– Не-а.
– Ну, теперь знаешь.
Через несколько дней Наполеон Соло[5] обнаружил у себя на портфеле чьи-то чужие отпечатки пальцев. Я посмотрел на папу.
– Я же говорил, – сказал он.
А вот с амбаром мы ничего не делали. Не поджигали мы амбар.
Амбар стоял заброшенный. Когда Корпорация выкупила ферму Доннелли, он приобрел новую ферму, где-то около Сордса. Забрал с собой все, кроме дома, амбара и амбарной вони. В сырые дни запах просто с ног валил. Дождь размочил свиной помет, который лежал там годами. Амбар был громадный и зеленый. Как было здорово, когда там хранилось сено. Пока не построили новые дома, мы лазали в амбар с задних дворов. Это было опасно. У Доннелли было ружье и одноглазый пес по кличке Сесил. А еще брат Доннелли, дядя Эдди, был сумасшедший. Он убирал за курами и свиньями, а развлекался так: набросает перед домом камушков, гальки, а машины или трактора едут и давят их, давят.
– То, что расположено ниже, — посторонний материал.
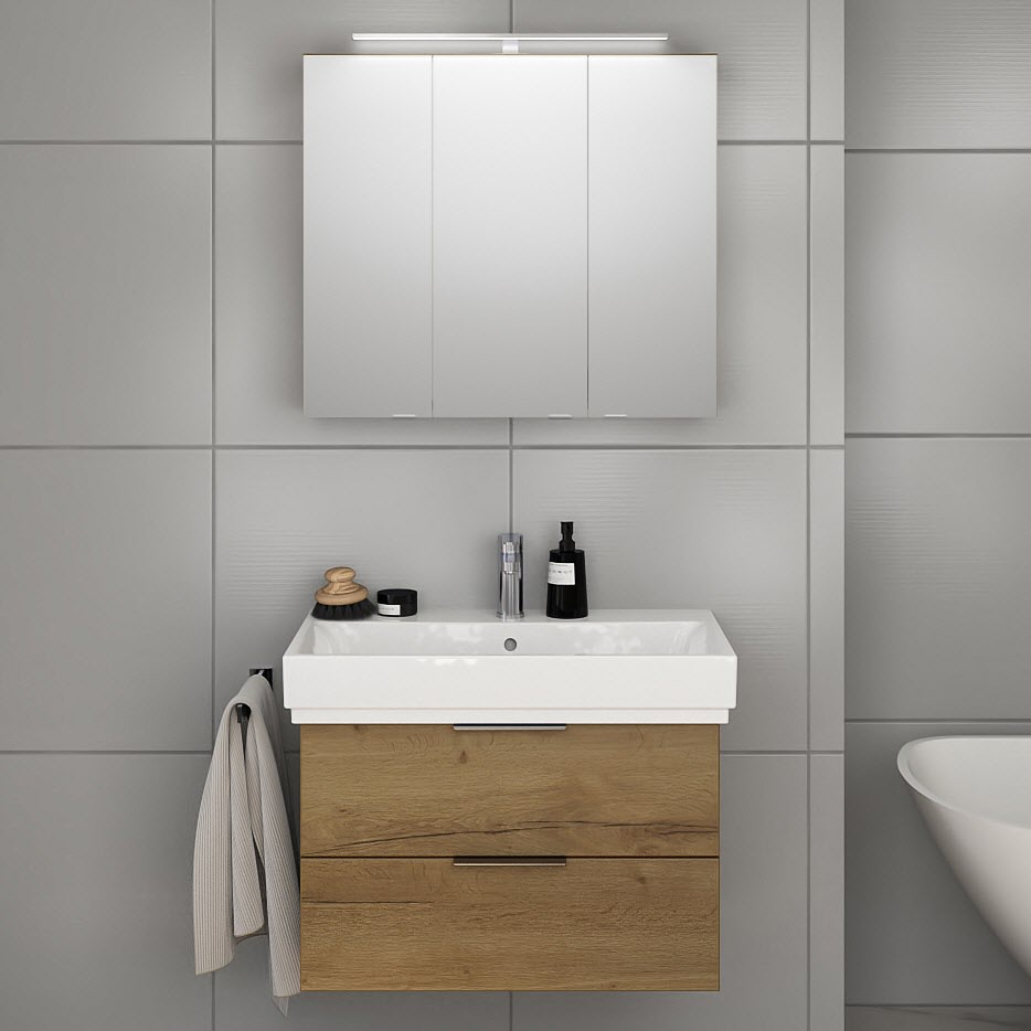 Erhältlich in verschiedenen, zeitgemäßen Dekoren und ausgestattet mit modernem, aufgesetztem Griff aus gebürstetem Edelstahl, verbindet Living 2.0 zeitloses Design mit maximaler Funktionalität. Je nach Waschplatzbreite sorgen großzügige Auszüge oder Türen für optimalen Stauraum – übersichtlich, griffbereit, stilvoll. Ein Spiegelschrank mit LED-Aufsatzleuchte komplettiert das Möbelset.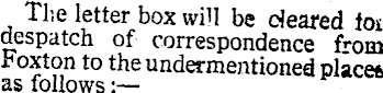The letter box will be cleared ioi despatch of correspondence from Foxton to the undermentioned place* as follows

Однажды дядя Эдди прогуливался перед нашим домом, когда мама красила калитку.
– Вот же блаженный, – бормотала она про себя, я услышал.
Как-то ма заговорила о дяде Эдди во время обеда, и я тут же встрял:
– Он блаженный!
Па дал мне подзатыльник.
Дядя Эдди был хоть и не одноглазый, но все равно казался вылитый Сесил, потому что один его глаз всегда сощурен. Па утверждал, дескать, это потому, что глаз сквозняком надуло, когда дядя Эдди подглядывал в замочную скважину.
Если сделать глупое лицо или изображать заикание, а в эту минуту ветер переменится или кто-то хлопнет тебя по спине – все, останешься таким навсегда. Деклан Фэннинг – ему было четырнадцать, и родители собирались отправить его в интернат, потому что он курил, – страшно заикался. Это потому, что он передразнивал какого-то парня, который заикался, и тут его кто-то возьми да и хлопни по спине.
Заикаться дядя Эдди не заикался, но говорил только два слова. «Славно, славно».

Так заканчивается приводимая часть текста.